Saturday, December 8, 2012

Yeah, yeah, yeah...It's Our Favorite Albums of 2012

And we're here again.  It's that time in December when i debate if i should go ahead and spend the time it takes me to compile and post about my favorite albums of the year (in-ter-net?), or if i should wait another couple of weeks to take a listen to some last minute albums (Scott Walker anyone?).  But what the hell?  Everybody else is doing it, so why shouldn't i do it too?

So without further ado...

Action Bronson - Blue Chips:  As i've said a hundred times before, i love hip-hop mixtapes.  More often than not, they are more fun and creative than any kind of proper album.  "Blue Chips" is no different.  A fat, bald, bearded, Algerian New York slimeball laying down some sick lines over producer Party Supplies' random beats and samples, all the while leaving in all the mistakes and hiccups.  Excellent.

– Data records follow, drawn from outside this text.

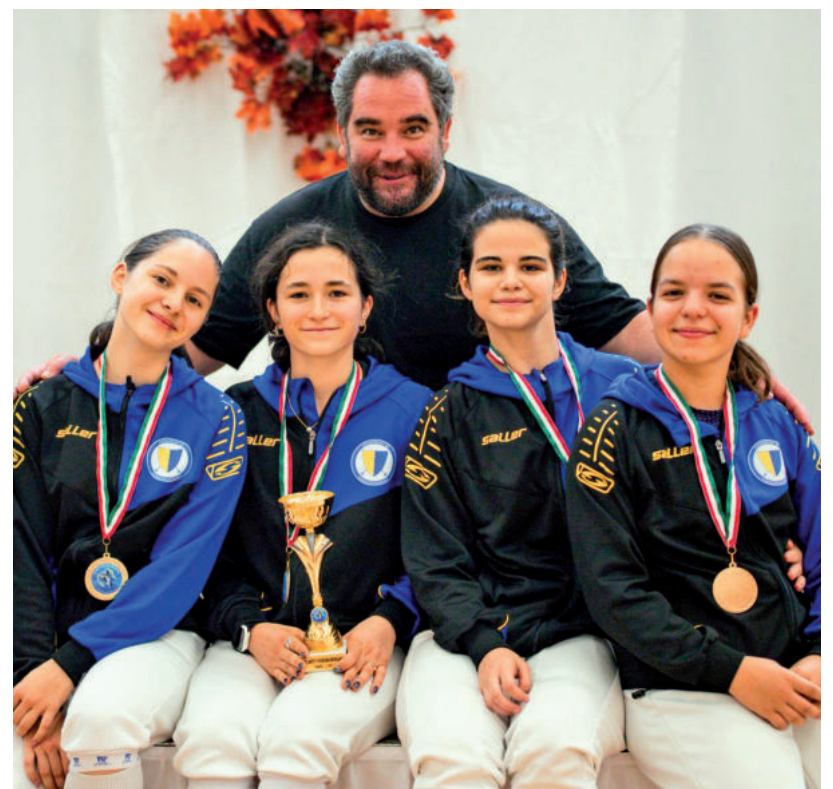
ARANYÉRMES LETT A NŐI TÖRCSAPAT

A lányokkal egyidőben a férfi párbajtőrözőik is pástra álltak, ők a 10. helyen végeztek. ■
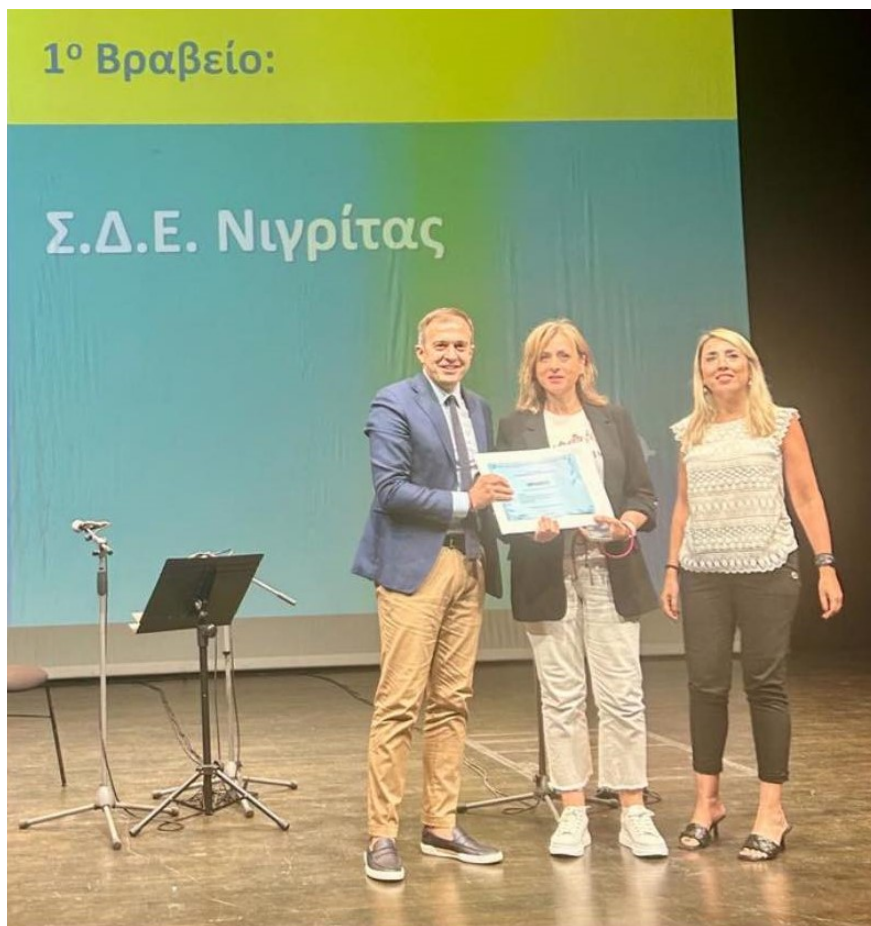
Ο κ. Τάσος Χατζηβασιλείου, Βουλευτής Σερρών
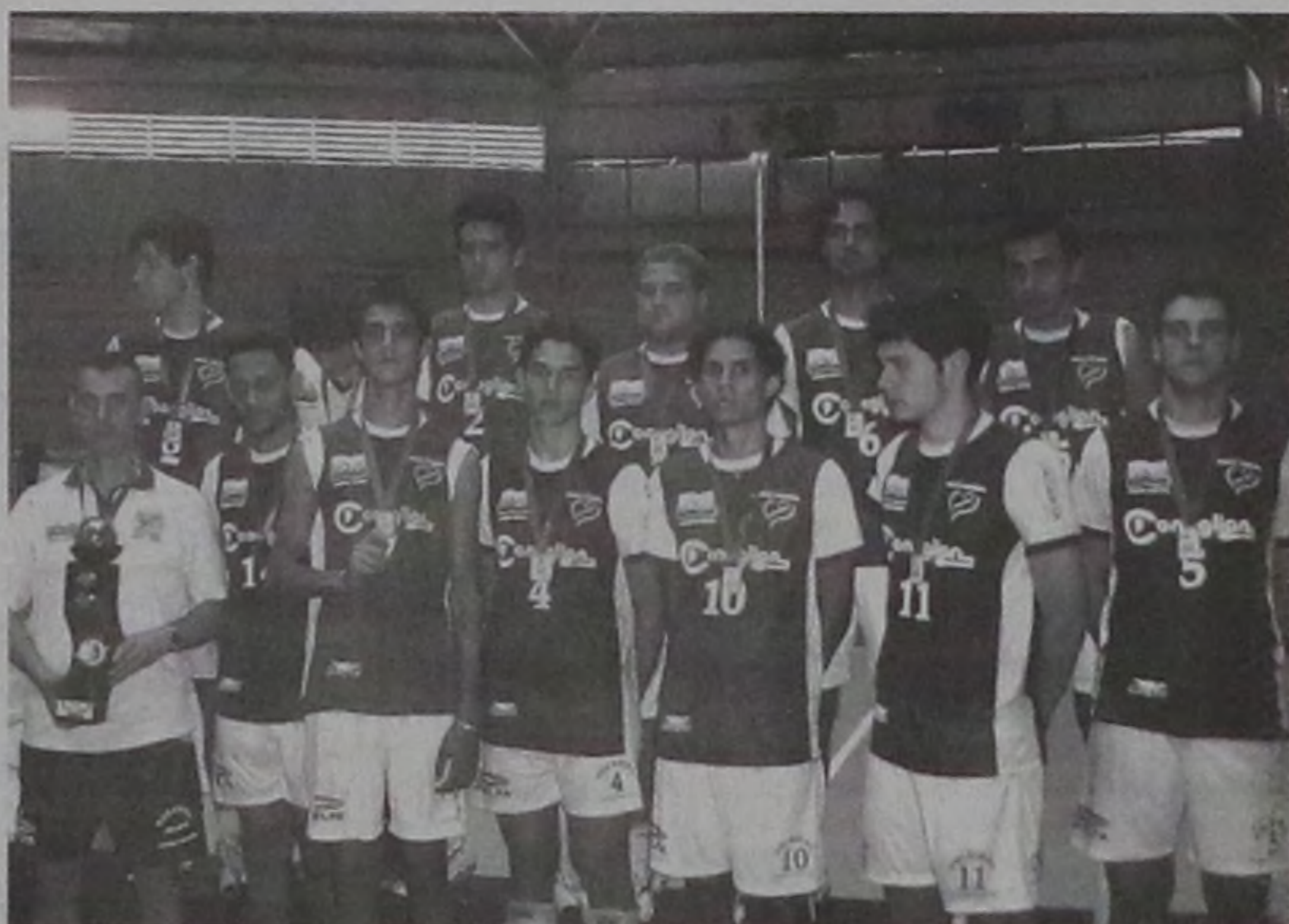
Equipe de vôlei Coneglian/Santa Catarina, vice-campeã estadual
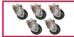
ACCROULETTE-02 5 roulettes simple galet diam. 50mm
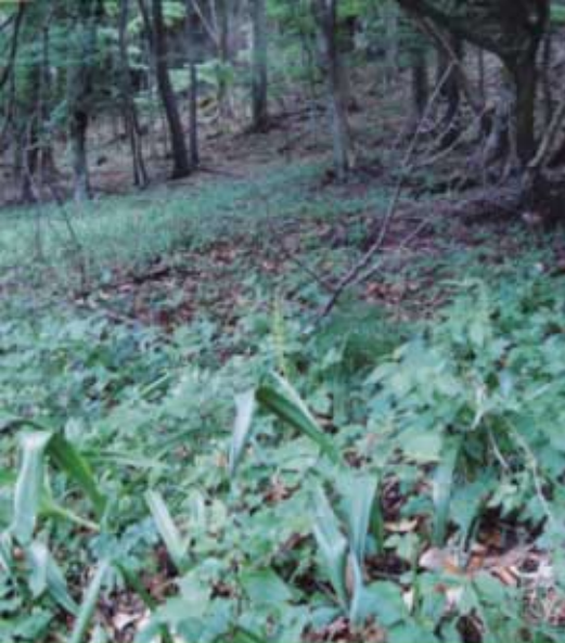
Bestand im nordseitigen Laubwald im Wienerwald
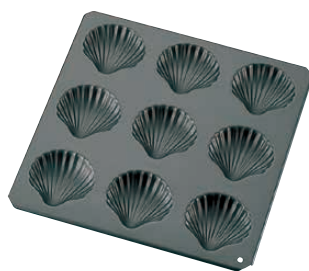
6 9ヶ取 No.5046 〈WMD-29〉 1-1127-0601 ¥2,000 248×254×H17 (1ヶ当たり 内63×63×H16)
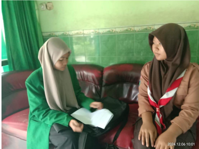
Dokumentasi wawancara bersama siswa
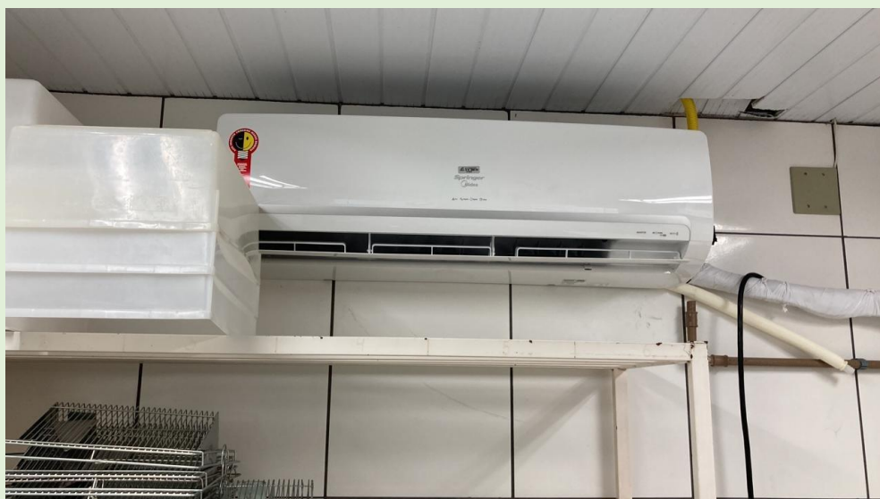
Instalação emergencial de ar condicionado no biotério (sala 208) do Bloco A PROAD/PROEX/SOMA
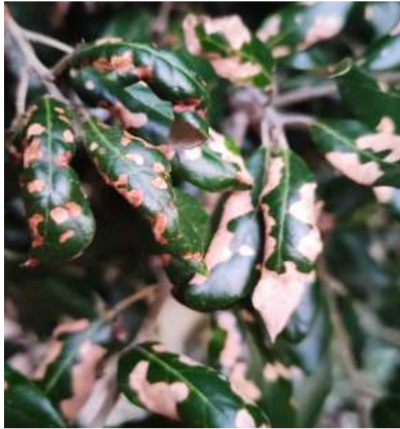
antracnosi da Sphaceloma quercus-ilicis su foglie di leccio

L'antracnosi causata da attacca la vegetazione tenera (foglie e germogli) provocando tacche necrotiche di misura variabile ma non crea mai danni reali alla pianta. E' una malattia che compare solo nei periodi freschi e piovosi con temperature variabili dai 18 ai -24°C.
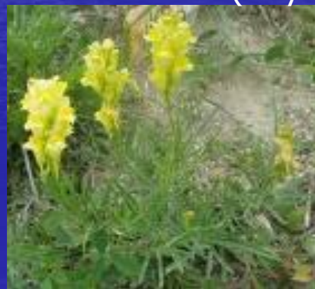
льнянка ( Linaria cretacea )
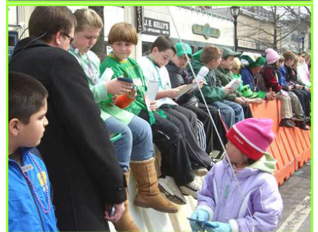
孩子们在阅读法轮功传单

Beach House - Bloom:  The duo behind Beach House are nothing if not consistent.  Each album takes them further down their dreamy pop path.  And while their previous work was good, "Bloom" knocks it out of the park.  One of their tunes is based around a sound from the Zelda video game, and that's all i need.



Chromatics - Kill For Love:  This one seems to be on everyone's list.  And with good reason.  Dreamy electronics, pretty vocals, a pitch perfect Neil Young cover, and a collection of songs that's damn near perfect.  "Kill For Love" should be in everyone's collection.



Dinosaur On Fire - Sleep Moon Voyage:  The artist describes his record as the soundtrack to a kid playing and defeating a video game.  And that's what it is...and that's awesome.



The Flaming Lips and Heady Fwends:  Not so much a proper album as a collection of songs from a multitude of sessions with a multitude of different artists.  Nick Cave, Tame Impala, Bon Iver, Neon Indian, Ke$ha, Yoko Ono, and on and on and on.  I realize the Lips have a new record due next year, but this collection is a lot of fun and suits me just fine.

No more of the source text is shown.